Word for word, return the lines from the top of the listing to the line containing "블렌더에서는 2가지의 물체를", both ends included, and no others.

Start of The data

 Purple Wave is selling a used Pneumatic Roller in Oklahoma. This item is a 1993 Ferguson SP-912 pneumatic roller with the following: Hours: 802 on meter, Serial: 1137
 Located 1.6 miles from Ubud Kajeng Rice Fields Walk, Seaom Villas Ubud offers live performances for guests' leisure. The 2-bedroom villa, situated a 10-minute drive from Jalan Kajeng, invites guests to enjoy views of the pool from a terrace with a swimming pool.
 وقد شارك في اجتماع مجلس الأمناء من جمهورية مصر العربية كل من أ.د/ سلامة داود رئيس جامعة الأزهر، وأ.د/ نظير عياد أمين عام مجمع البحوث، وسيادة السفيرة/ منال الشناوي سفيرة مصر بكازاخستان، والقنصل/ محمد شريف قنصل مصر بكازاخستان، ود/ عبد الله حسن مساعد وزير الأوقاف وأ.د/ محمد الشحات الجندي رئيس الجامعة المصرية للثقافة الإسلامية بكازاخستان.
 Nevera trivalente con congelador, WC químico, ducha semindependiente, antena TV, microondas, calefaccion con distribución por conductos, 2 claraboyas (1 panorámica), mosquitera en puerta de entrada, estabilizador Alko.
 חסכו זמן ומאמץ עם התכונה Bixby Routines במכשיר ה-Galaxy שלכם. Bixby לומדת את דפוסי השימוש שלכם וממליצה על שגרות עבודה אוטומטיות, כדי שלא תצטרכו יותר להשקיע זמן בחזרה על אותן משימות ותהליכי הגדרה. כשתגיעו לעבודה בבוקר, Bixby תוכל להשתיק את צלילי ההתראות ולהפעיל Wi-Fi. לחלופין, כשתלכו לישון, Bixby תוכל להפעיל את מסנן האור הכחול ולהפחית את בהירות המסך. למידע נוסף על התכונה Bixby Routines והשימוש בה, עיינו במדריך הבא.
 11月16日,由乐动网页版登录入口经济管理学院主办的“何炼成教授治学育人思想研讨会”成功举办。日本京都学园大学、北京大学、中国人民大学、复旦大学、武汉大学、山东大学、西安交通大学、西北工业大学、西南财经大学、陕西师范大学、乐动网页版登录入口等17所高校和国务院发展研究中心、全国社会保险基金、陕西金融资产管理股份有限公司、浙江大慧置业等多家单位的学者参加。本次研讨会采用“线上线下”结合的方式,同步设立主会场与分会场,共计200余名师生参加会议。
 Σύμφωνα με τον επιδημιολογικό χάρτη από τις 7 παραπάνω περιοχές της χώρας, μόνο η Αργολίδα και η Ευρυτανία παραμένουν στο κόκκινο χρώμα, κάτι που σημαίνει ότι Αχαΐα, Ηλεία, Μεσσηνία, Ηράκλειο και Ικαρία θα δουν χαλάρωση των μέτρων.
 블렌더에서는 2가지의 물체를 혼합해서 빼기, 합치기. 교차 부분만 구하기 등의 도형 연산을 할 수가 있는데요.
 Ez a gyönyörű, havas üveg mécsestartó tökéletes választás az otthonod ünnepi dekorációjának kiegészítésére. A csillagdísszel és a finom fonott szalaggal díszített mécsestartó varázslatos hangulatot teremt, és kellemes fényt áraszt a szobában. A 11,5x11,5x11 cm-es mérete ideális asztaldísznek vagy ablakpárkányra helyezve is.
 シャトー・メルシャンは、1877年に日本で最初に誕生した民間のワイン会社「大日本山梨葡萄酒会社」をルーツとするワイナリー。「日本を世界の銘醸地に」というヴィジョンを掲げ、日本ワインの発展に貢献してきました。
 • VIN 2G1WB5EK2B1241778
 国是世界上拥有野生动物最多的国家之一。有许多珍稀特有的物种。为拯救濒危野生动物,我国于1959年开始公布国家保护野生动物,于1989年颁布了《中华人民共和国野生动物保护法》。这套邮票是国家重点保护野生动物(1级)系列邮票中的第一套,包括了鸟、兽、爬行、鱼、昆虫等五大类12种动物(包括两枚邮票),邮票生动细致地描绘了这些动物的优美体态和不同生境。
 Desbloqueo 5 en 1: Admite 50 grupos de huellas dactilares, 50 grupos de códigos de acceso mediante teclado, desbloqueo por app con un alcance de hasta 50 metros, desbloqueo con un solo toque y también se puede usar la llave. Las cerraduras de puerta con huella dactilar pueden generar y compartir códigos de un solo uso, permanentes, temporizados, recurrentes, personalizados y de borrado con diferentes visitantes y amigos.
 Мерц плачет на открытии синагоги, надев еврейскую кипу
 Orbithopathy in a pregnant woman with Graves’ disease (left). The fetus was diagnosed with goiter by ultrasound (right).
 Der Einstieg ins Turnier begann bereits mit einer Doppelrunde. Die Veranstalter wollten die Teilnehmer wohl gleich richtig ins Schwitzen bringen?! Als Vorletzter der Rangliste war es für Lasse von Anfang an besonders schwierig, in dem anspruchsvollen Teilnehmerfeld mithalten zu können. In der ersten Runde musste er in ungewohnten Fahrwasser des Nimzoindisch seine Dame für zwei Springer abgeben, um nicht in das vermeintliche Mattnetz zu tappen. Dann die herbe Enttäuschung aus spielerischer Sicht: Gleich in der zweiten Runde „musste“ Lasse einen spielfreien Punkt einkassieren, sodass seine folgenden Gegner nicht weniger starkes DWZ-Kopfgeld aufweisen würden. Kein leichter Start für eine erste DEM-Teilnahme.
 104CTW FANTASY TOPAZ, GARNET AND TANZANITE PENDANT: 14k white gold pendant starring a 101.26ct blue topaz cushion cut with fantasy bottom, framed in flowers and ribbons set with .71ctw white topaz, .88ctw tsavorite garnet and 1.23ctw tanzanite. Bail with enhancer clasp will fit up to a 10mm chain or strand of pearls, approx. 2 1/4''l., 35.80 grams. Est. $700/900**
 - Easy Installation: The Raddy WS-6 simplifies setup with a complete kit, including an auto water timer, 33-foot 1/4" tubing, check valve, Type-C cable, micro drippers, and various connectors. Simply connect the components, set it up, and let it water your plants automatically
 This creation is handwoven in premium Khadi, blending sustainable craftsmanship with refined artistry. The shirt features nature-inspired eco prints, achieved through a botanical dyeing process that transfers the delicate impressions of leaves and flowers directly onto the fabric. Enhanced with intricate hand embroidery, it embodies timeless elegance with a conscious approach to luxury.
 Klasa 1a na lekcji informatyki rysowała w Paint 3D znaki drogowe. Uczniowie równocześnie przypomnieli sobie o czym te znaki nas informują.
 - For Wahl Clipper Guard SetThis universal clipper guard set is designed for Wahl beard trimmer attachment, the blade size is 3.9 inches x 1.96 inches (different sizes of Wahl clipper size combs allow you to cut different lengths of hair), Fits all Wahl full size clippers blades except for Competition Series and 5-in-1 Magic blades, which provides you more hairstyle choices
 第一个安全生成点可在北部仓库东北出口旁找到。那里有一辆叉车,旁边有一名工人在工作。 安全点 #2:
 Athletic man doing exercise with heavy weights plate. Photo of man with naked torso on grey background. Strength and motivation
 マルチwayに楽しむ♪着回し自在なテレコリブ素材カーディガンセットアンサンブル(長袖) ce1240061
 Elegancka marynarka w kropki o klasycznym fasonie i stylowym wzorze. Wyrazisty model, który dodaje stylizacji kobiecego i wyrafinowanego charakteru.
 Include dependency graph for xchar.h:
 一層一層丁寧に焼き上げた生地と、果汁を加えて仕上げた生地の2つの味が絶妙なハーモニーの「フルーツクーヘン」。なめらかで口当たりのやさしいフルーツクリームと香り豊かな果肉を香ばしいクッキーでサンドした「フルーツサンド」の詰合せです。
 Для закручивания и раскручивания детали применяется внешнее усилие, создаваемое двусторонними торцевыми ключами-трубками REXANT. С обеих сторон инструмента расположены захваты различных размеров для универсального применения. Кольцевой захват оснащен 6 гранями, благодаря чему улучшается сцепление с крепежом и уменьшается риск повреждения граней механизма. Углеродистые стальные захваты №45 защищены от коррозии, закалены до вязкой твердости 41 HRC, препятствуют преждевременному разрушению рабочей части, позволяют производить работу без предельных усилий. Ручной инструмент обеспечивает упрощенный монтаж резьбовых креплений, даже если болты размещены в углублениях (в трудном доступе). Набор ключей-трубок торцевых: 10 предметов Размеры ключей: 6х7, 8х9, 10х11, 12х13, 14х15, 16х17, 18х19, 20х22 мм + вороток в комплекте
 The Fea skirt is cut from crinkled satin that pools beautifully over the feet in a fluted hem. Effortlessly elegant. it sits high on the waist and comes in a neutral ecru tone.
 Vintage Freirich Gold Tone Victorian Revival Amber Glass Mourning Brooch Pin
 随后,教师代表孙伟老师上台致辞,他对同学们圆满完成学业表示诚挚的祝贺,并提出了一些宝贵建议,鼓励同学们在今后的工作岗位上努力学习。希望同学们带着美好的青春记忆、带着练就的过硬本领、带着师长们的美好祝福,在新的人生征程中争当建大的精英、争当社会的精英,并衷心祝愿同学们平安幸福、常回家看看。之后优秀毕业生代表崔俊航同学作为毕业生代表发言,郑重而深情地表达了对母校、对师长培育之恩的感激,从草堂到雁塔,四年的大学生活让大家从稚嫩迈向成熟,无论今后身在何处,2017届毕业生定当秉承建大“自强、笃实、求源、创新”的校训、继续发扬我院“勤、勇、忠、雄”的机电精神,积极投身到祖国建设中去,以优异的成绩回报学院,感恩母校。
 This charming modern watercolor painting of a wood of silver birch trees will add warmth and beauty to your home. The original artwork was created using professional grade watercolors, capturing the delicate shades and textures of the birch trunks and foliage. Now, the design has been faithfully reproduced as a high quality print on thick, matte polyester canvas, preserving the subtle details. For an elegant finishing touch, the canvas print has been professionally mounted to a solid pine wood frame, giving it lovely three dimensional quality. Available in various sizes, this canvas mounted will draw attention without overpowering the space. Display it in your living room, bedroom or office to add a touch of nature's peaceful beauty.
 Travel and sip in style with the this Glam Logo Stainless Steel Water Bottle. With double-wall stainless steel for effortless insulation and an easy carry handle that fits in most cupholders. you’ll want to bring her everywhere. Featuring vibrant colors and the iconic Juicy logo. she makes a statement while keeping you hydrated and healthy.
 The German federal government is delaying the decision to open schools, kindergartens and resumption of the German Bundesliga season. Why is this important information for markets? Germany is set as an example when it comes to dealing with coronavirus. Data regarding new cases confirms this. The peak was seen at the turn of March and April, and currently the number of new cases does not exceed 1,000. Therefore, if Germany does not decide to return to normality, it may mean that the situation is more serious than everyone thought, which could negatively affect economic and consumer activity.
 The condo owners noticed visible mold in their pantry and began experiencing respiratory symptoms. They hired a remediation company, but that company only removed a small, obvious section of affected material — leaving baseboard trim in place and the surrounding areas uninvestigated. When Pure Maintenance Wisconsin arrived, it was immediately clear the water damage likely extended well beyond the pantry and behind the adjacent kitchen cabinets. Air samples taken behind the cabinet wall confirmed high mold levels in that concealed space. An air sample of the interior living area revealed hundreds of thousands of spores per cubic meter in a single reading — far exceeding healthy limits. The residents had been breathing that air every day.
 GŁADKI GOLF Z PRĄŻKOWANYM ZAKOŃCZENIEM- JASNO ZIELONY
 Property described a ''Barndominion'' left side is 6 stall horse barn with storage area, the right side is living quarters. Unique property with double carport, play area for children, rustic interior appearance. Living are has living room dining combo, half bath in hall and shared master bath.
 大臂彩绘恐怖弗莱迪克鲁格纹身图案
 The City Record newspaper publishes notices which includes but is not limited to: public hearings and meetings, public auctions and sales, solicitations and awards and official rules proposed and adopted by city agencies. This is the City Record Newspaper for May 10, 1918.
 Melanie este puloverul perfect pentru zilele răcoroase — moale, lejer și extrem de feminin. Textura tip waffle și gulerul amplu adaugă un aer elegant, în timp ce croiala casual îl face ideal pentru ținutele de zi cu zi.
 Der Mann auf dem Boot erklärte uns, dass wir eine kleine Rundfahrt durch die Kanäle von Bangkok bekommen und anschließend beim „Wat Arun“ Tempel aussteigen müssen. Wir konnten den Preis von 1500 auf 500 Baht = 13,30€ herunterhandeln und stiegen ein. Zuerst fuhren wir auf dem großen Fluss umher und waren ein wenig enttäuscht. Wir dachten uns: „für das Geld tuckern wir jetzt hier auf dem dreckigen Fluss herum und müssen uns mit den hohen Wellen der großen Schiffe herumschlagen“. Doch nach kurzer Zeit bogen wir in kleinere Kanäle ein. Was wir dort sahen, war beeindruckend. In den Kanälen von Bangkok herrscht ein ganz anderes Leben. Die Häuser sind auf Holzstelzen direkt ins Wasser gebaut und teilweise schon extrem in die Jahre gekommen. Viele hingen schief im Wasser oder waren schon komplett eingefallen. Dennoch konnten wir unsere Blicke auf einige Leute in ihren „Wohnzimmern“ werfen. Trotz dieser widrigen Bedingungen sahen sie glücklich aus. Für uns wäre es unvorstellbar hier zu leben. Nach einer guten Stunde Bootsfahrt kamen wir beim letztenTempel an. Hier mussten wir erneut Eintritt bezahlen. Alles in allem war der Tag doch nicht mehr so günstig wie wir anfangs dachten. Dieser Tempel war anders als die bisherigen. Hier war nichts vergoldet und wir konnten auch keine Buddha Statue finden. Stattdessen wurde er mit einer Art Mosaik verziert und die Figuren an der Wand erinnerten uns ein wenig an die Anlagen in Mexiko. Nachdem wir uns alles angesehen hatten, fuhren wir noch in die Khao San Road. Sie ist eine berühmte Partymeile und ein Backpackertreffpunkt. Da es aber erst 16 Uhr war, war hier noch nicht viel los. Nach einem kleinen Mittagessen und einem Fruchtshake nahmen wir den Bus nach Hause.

End of The data

Response box ▸
 Purple Wave is selling a used Pneumatic Roller in Oklahoma. This item is a 1993 Ferguson SP-912 pneumatic roller with the following: Hours: 802 on meter, Serial: 1137
 Located 1.6 miles from Ubud Kajeng Rice Fields Walk, Seaom Villas Ubud offers live performances for guests' leisure. The 2-bedroom villa, situated a 10-minute drive from Jalan Kajeng, invites guests to enjoy views of the pool from a terrace with a swimming pool.
 وقد شارك في اجتماع مجلس الأمناء من جمهورية مصر العربية كل من أ.د/ سلامة داود رئيس جامعة الأزهر، وأ.د/ نظير عياد أمين عام مجمع البحوث، وسيادة السفيرة/ منال الشناوي سفيرة مصر بكازاخستان، والقنصل/ محمد شريف قنصل مصر بكازاخستان، ود/ عبد الله حسن مساعد وزير الأوقاف وأ.د/ محمد الشحات الجندي رئيس الجامعة المصرية للثقافة الإسلامية بكازاخستان.
 Nevera trivalente con congelador, WC químico, ducha semindependiente, antena TV, microondas, calefaccion con distribución por conductos, 2 claraboyas (1 panorámica), mosquitera en puerta de entrada, estabilizador Alko.
 חסכו זמן ומאמץ עם התכונה Bixby Routines במכשיר ה-Galaxy שלכם. Bixby לומדת את דפוסי השימוש שלכם וממליצה על שגרות עבודה אוטומטיות, כדי שלא תצטרכו יותר להשקיע זמן בחזרה על אותן משימות ותהליכי הגדרה. כשתגיעו לעבודה בבוקר, Bixby תוכל להשתיק את צלילי ההתראות ולהפעיל Wi-Fi. לחלופין, כשתלכו לישון, Bixby תוכל להפעיל את מסנן האור הכחול ולהפחית את בהירות המסך. למידע נוסף על התכונה Bixby Routines והשימוש בה, עיינו במדריך הבא.
 11月16日,由乐动网页版登录入口经济管理学院主办的“何炼成教授治学育人思想研讨会”成功举办。日本京都学园大学、北京大学、中国人民大学、复旦大学、武汉大学、山东大学、西安交通大学、西北工业大学、西南财经大学、陕西师范大学、乐动网页版登录入口等17所高校和国务院发展研究中心、全国社会保险基金、陕西金融资产管理股份有限公司、浙江大慧置业等多家单位的学者参加。本次研讨会采用“线上线下”结合的方式,同步设立主会场与分会场,共计200余名师生参加会议。
 Σύμφωνα με τον επιδημιολογικό χάρτη από τις 7 παραπάνω περιοχές της χώρας, μόνο η Αργολίδα και η Ευρυτανία παραμένουν στο κόκκινο χρώμα, κάτι που σημαίνει ότι Αχαΐα, Ηλεία, Μεσσηνία, Ηράκλειο και Ικαρία θα δουν χαλάρωση των μέτρων.
 블렌더에서는 2가지의 물체를 혼합해서 빼기, 합치기. 교차 부분만 구하기 등의 도형 연산을 할 수가 있는데요.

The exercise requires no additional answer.